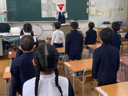 信号のある交差点の渡り方と信号のない交差点の渡り方の違いなど、具体的な場面を取りあげて、とてもわかりやすく教えてくださいました。さっそく今日の帰り道から気をつけようねと担任の先生からもお話がありました。
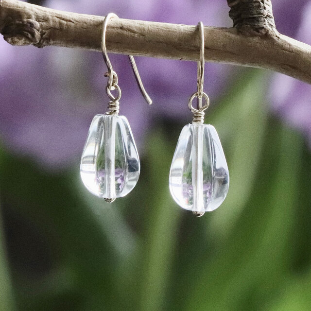 クリスタルクォーツ 一粒ピアス|透明感 上品 シンプル しずく 4月誕生石 14Kgf — Morning dew —
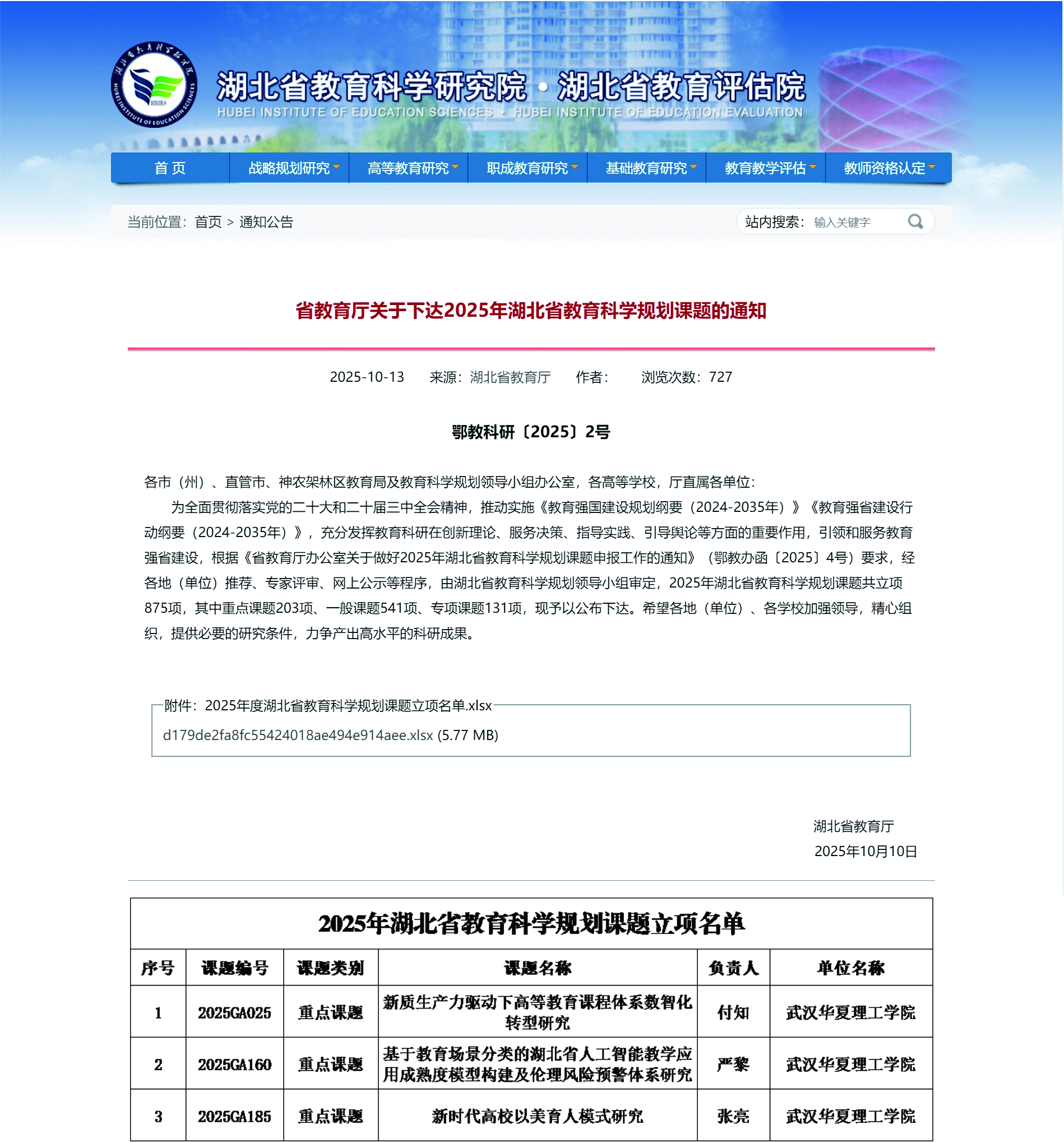 10月13日,省教育厅发布2025年湖北省教育科学规划课题立项通知,我院付知主持的《新质生产力驱动下高等教育课程体系数智化转型研究》、严黎主持的《基于教育场景分类的湖北省人工智能教学应用成熟度模型构建及伦理风险预警体系研究》、张亮主持的《新时代高校以美育人模式研究》获批重点课题,立项数量、级别均实现学院历史突破。

-*-*-

▶ _What you have to do_
Transcribe all of the lines above exactly as given. The pictures stay out.

▶ _Response area_
 信号のある交差点の渡り方と信号のない交差点の渡り方の違いなど、具体的な場面を取りあげて、とてもわかりやすく教えてくださいました。さっそく今日の帰り道から気をつけようねと担任の先生からもお話がありました。
 クリスタルクォーツ 一粒ピアス|透明感 上品 シンプル しずく 4月誕生石 14Kgf — Morning dew —
 10月13日,省教育厅发布2025年湖北省教育科学规划课题立项通知,我院付知主持的《新质生产力驱动下高等教育课程体系数智化转型研究》、严黎主持的《基于教育场景分类的湖北省人工智能教学应用成熟度模型构建及伦理风险预警体系研究》、张亮主持的《新时代高校以美育人模式研究》获批重点课题,立项数量、级别均实现学院历史突破。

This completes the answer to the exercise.